What other options exist? Enter Oozie. Oozie is shipped with most, if not all, Hadoop distributions. Integrated with the Hadoop ecosystem, Oozie can be used to orchestrate a workflow of different Hadoop and operating system utilities. Oozie supports Hive, Pig, Sqoop, MapReduce as well as system level commands including shell scripts. More information on Oozie can be found here:
http://hortonworks.com/hadoop/oozie/.
Using Oozie, we can execute the shell script from our PDI job regardless of operating system (i.e. Spoon running on Windows, Data Integration Server running on linux or the kitchen script running on linux).
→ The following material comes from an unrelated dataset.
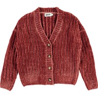 Gianna is Molo's new chenille knit cardigan in a golden colour. The cardigan is short, has a v-neck and a button closure.

To configure, Oozie requires a directory on HDFS referred to as oozie.wf.application.path. This property is required and points to the location of the application components. Within this directory, multiple components referenced from your Oozie workflow can be uploaded (e.g. pig scripts, Hive sql files, Java jar files, etc.). In addition to all of the component files, the workflow.xml specifies the actions and flow to be orchestrated on the cluster.
For my client, I needed to execute a shell script to move files from the ingest directory to an archive directory. The following workflow.xml was uploaded to HDFS directory specified via oozie.wf.application.path.
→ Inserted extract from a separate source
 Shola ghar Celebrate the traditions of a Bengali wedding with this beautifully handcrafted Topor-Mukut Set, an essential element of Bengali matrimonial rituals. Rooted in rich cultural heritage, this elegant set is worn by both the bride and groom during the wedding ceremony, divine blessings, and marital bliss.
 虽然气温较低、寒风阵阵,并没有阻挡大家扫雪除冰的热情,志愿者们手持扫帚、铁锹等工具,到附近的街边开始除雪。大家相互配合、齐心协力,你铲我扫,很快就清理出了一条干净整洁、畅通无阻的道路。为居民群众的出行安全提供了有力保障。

<workflow-app name="wf_archive_files" xmlns="uri:oozie:workflow:0.5">
<start to="archive-files-action"/>
<kill name="Kill">
<message>Action failed, error message[${wf:errorMessage(wf:lastErrorNode())}]</message>
</kill>
<action name="archive-files-action">
<shell xmlns="uri:oozie:shell-action:0.1">
<job-tracker>${jobTracker}</job-tracker>
<name-node>${nameNode}</name-node>
<exec>${scriptPath}</exec>
<argument>${src_dir}</argument>
<argument>${target_dir}</argument>
<file>${scriptPath}#${script}</file>
<capture-output/>
</shell>
<ok to="End"/>
<error to="Kill"/>
</action>
<end name="End"/>
</workflow-app>
oozie.wf.application.path=${nameNode}/app/archive_files
nameNode=hdfs://nameservice1
jobTracker=localhost:8032
scriptPath=/app/archive_files/${script}
script=archive_files.sh
src_dir=${SRC_DIR}
target_dir=${ARCHIVE_DIR}
Using Advanced Mode, I could dynamically specify the source & target folders using parameters passed to my PDI job.
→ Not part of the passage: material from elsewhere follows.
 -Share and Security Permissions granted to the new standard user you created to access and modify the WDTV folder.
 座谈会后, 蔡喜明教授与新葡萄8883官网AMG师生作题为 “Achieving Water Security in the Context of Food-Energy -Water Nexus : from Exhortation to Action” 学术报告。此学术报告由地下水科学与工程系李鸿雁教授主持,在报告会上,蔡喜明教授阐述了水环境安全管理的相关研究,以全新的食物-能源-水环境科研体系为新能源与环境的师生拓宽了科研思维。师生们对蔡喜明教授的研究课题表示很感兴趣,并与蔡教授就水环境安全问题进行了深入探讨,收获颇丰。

Along with the workflow.xml, the archive_files.sh shell script also needed uploaded to the same location, specified via oozie.wf.application.path.
#!/bin/sh
if [ "$#" -ne 2 ]; then
echo "Usage: $0
echo "Example: $0 /data/landing/app_stream /data/archive/app"
exit
fi
src_dir=$1
target_dir=$2
for i in `hdfs dfs -ls -R $src_dir | awk '/a/ {print $8}'`; do
target_folder=${i/#$src_dir/$target_dir}
if [[ "$i" == *.txt ]]; then
hdfs_cmd="hdfs dfs -mv $i ${target_folder%/*}"
echo "$hdfs_cmd"
$hdfs_cmd
# Exclude tmp files being written by flume
# Only grab directories to be created
elif [[ "$i" != *.tmp ]]; then
# Create target directory
hdfs_cmd="hdfs dfs -mkdir -p $target_folder"
echo $hdfs_cmd
$hdfs_cmd
fi
done
With all of the components in place on HDFS and properties specified within the Oozie Job Executor step, we can now execute our job and have files 'archived' from ${SRC_DIR} to ${ARCHIVE_DIR}. Just make sure to specify ${SRC_DIR} and ${ARCHIVE_DIR} as part of the PDI Job. Or explicitly specify the properties.